Dataset excerpt >>

################

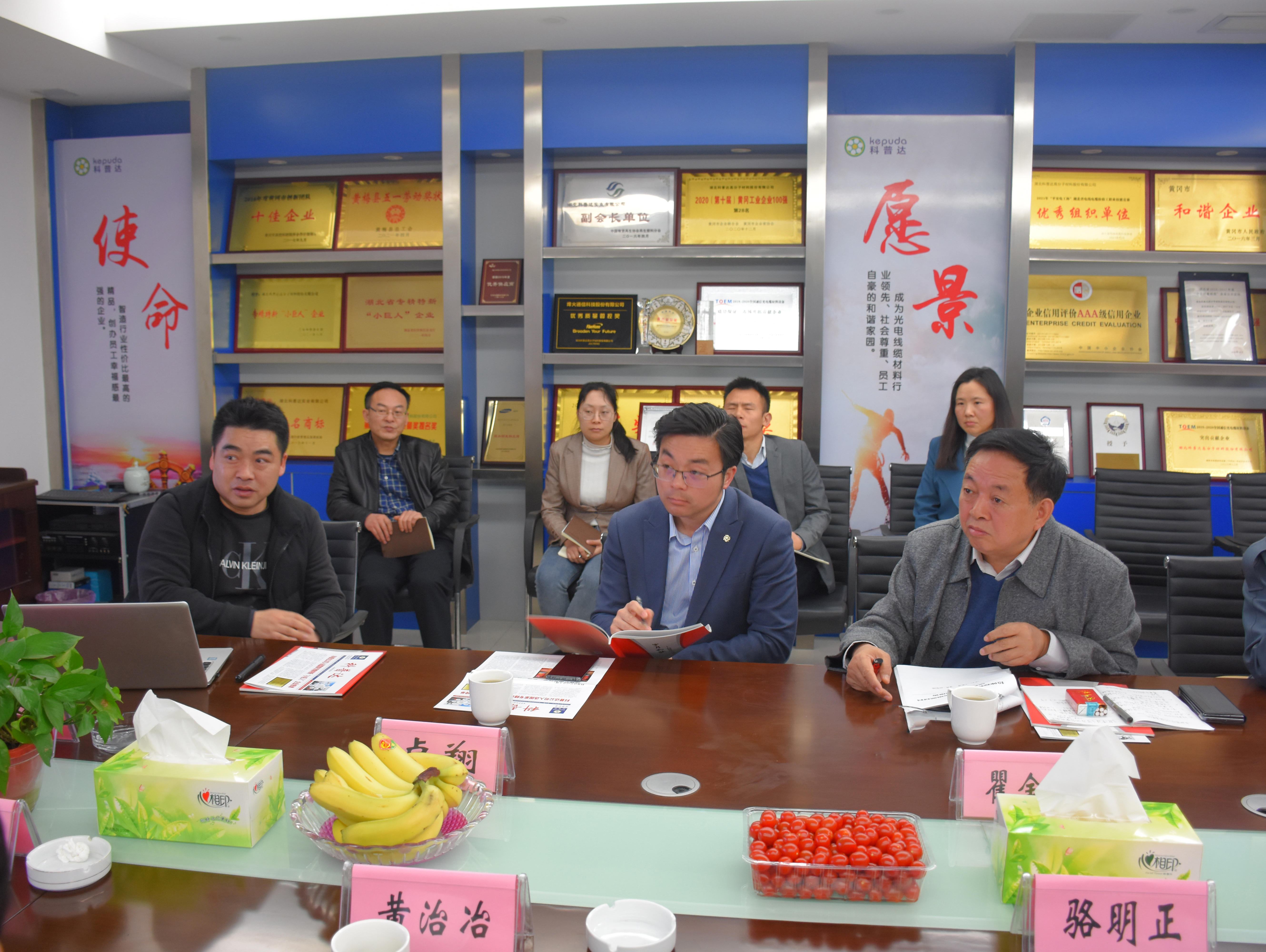 發(fā)布日期:2022/4/12 15:26:02????瀏覽次數(shù):春暖花開一片生機勃勃,4月4日上午中國工程院院士瞿金平以及華中科技大學教授專家等一行蒞臨公司指導交流。黃岡市科協(xié)主席駱明正、黃梅縣委副書記周明、黃梅縣委常委小池濱江新區(qū)黨工委書記黃治冶、縣委組織部副部長王萬舟、黃梅縣科協(xié)主席李小騫等領(lǐng)導參加活動。公司董事長柯斌致歡迎詞,并詳細介紹了公司生產(chǎn)經(jīng)營及相關(guān)項目發(fā)展情況。
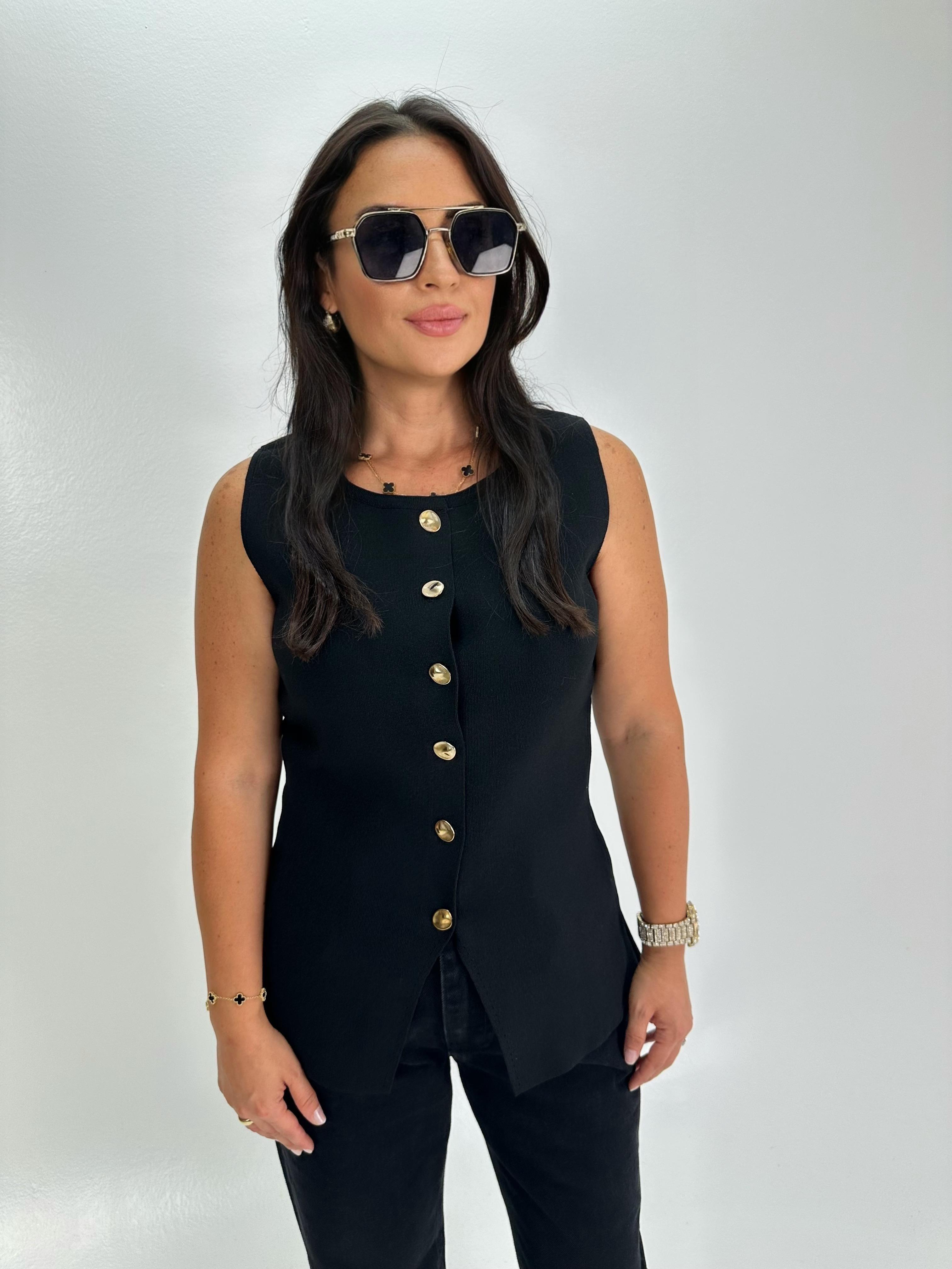 GOLD DÜĞMELİ SİYAH TRİKO YELEK
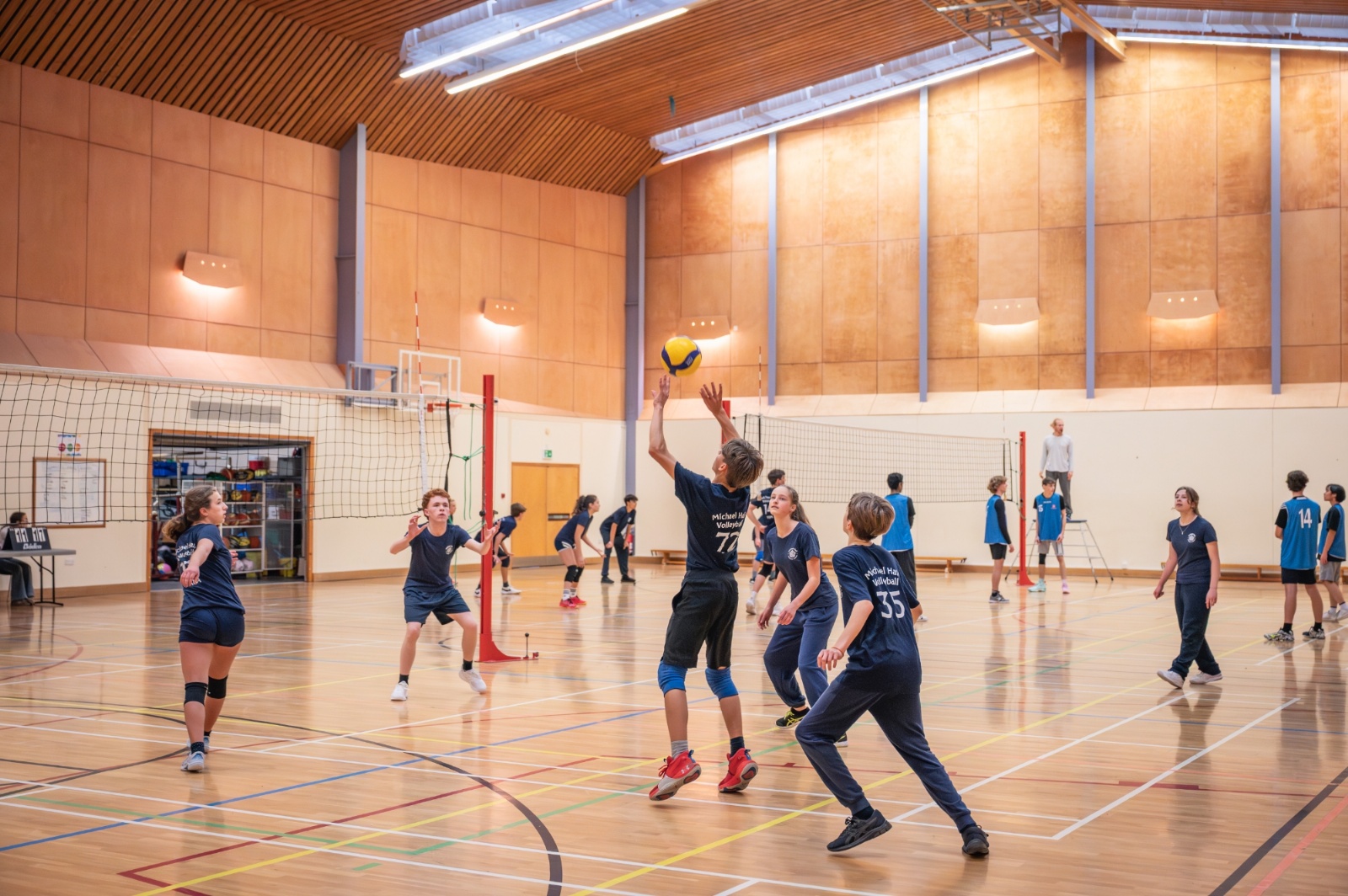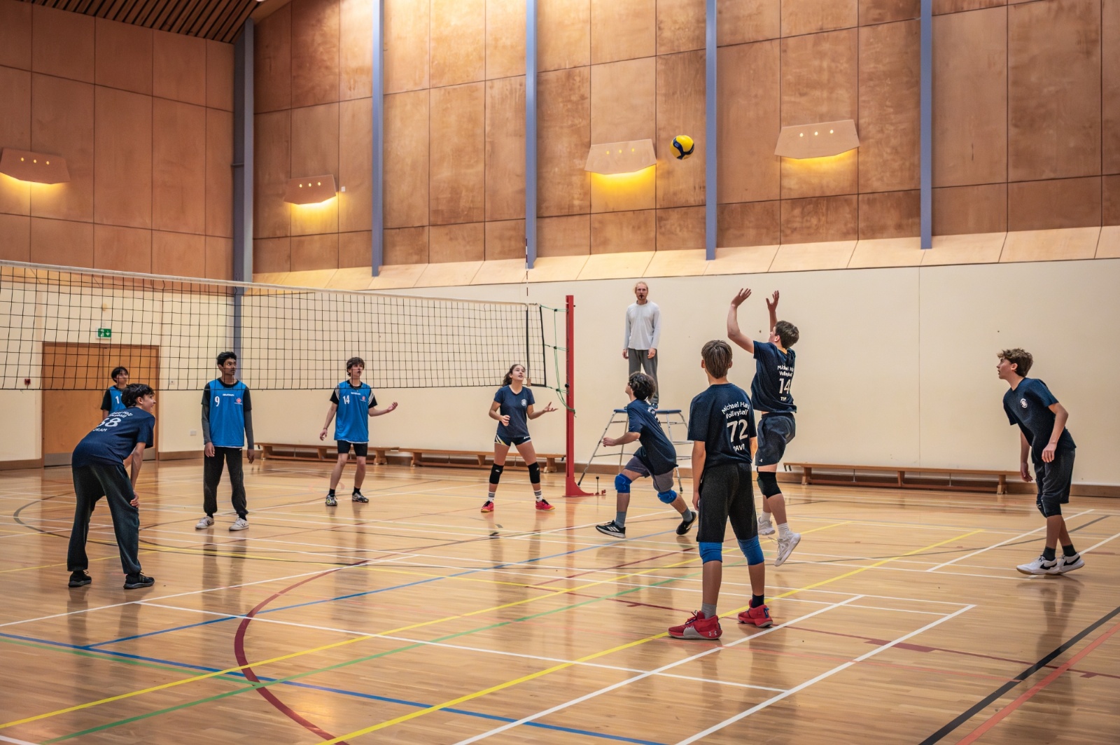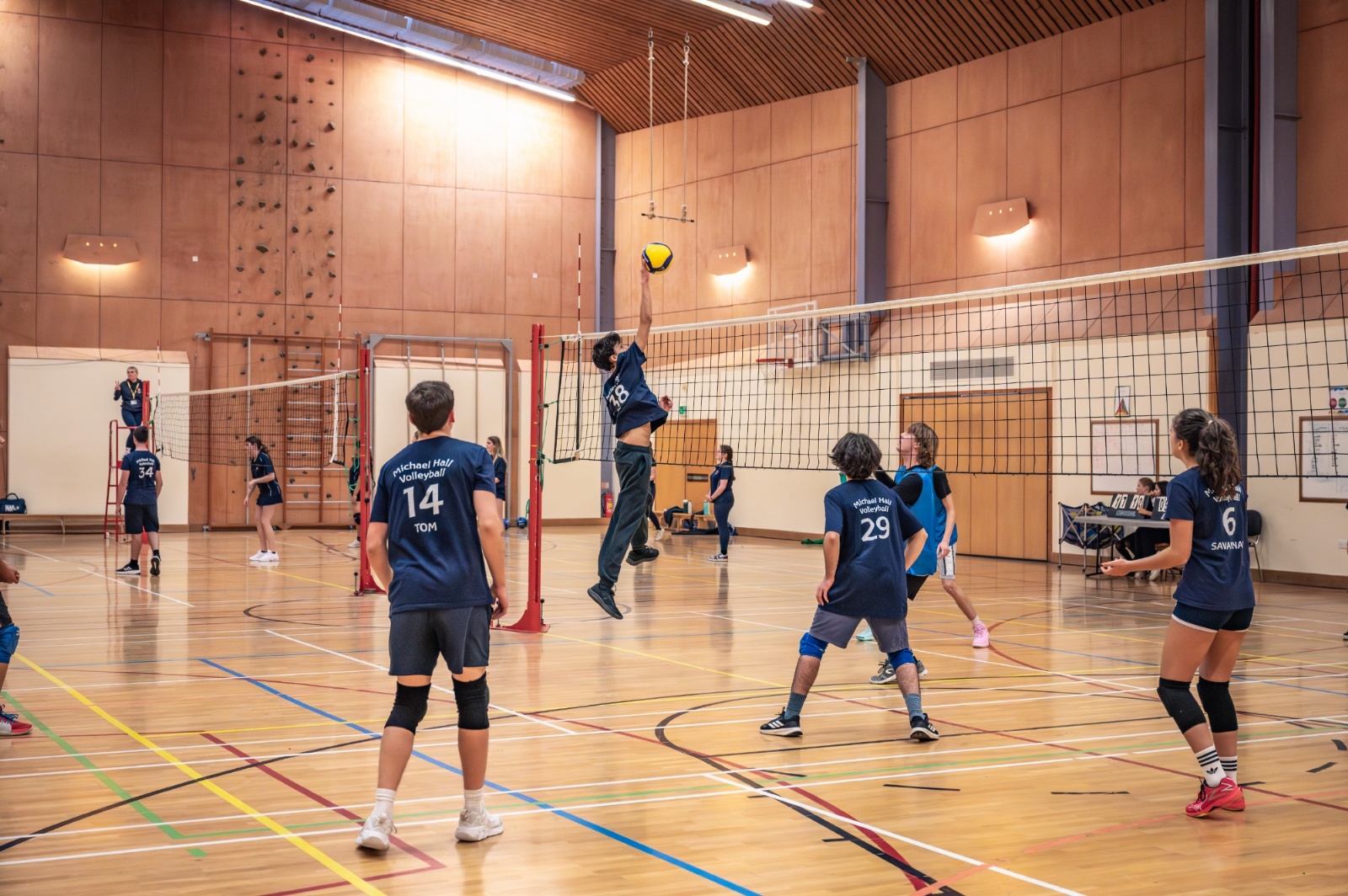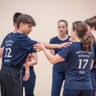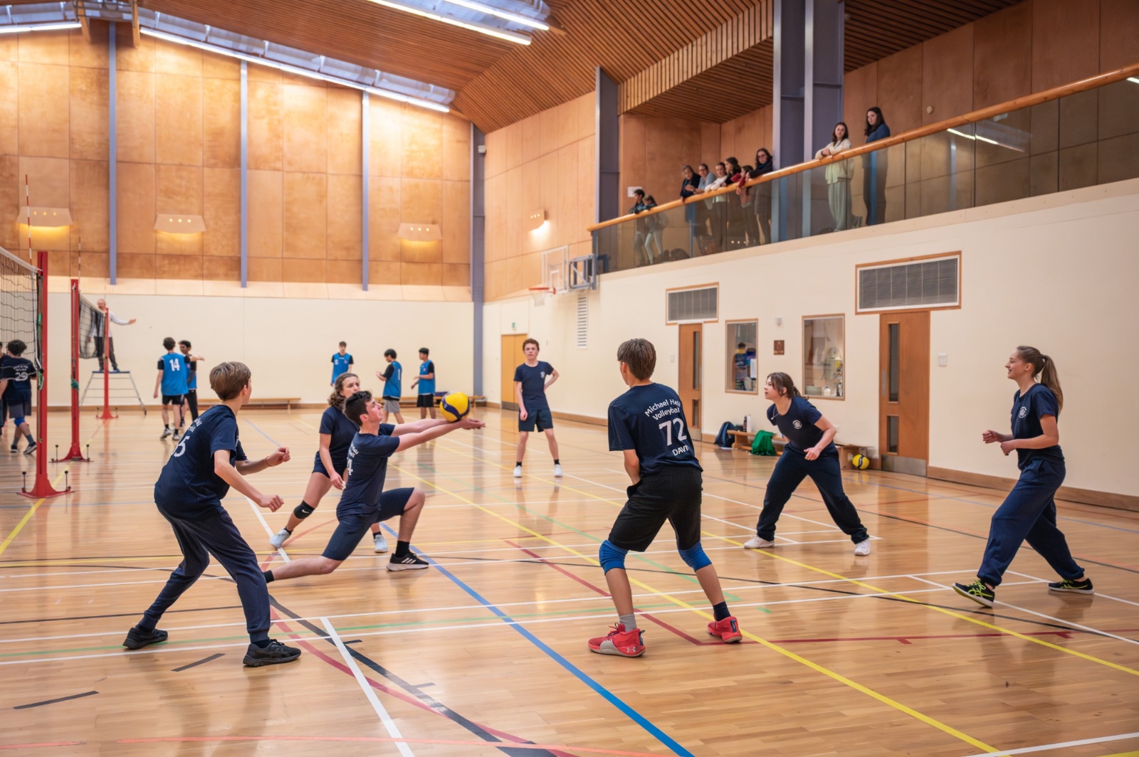 We have had our first seasonal volleyball fixtures at U16 and U18 level against local rivals : Sackville.  The games were played in good spirits and the sporting atmosphere was strong.  It was a double victory for Michael hall in both games (U16- 25-16, 18-25, 25-14) (U18- 25-15,25-15,25-13).  Special congratulations to our class 9ers- Alma, Otto, Liam and Sazzy on their winning debut.

################

Task directions >>
Output all the data, exactly, without images.

Result of the task >>
 發(fā)布日期:2022/4/12 15:26:02????瀏覽次數(shù):春暖花開一片生機勃勃,4月4日上午中國工程院院士瞿金平以及華中科技大學教授專家等一行蒞臨公司指導交流。黃岡市科協(xié)主席駱明正、黃梅縣委副書記周明、黃梅縣委常委小池濱江新區(qū)黨工委書記黃治冶、縣委組織部副部長王萬舟、黃梅縣科協(xié)主席李小騫等領(lǐng)導參加活動。公司董事長柯斌致歡迎詞,并詳細介紹了公司生產(chǎn)經(jīng)營及相關(guān)項目發(fā)展情況。
 GOLD DÜĞMELİ SİYAH TRİKO YELEK
 We have had our first seasonal volleyball fixtures at U16 and U18 level against local rivals : Sackville.  The games were played in good spirits and the sporting atmosphere was strong.  It was a double victory for Michael hall in both games (U16- 25-16, 18-25, 25-14) (U18- 25-15,25-15,25-13).  Special congratulations to our class 9ers- Alma, Otto, Liam and Sazzy on their winning debut.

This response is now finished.